En 1894, il réalise une sculpture en grès émaillé de 75 centi-
mètres de haut, Oviri (qui signifie sauvage), une tueuse qui foule un
loup et étouffe un louveteau. Inquiétante beauté – comme celle des
jeunes femmes qu’il peint assises dans un monde vert. Gauguin est
taraudé par le désir immense et déçu de mettre littéralement la main
sur le secret des origines – et mettre la main, pour un peintre, cela
signifie quelque chose. La forêt des Tropiques est bleue, la lumière
est violente ; et les hommes sont petits.
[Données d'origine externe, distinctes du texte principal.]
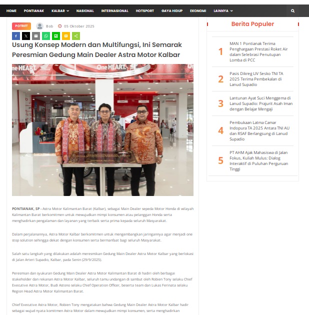 Usung Konsep Modern dan Multifungsi, Ini Semarak Peresmian Gedung Main Dealer Astra Motor Kalbar by masmul 5 Oktober 2025 in Silahkan kunjungi https://www.suarapemredkalbar.com/read/potret/05102025/usung-konsep-modern-dan-multifungsi-ini-semarak-peresmian-gedung-main-dealer-astra-motor-kalbar. You Might Like Regional Public Launching New ADV160 The SUV Pride Grand Launching New PCX 160 Truly Exceptional! Tetap hati-hati ya bro sist berkendara saat hujan.

Les esprits qui les accom-
pagnaient et qui les protégeaient commencent à déserter la place,
car la civilisation venue avec les colons les repousse. Paul Gauguin
souffre, parce que son Graal échappe. Et sa peinture, sous la
séduction et le charme tentateurs, a la dureté indifférente du soleil
vertical qui, là-bas, éclaire de haut et sans ombre, et tombe, le soir,
comme une pierre.
Le calme des tableaux de Vuillard est tout aussi trompeur.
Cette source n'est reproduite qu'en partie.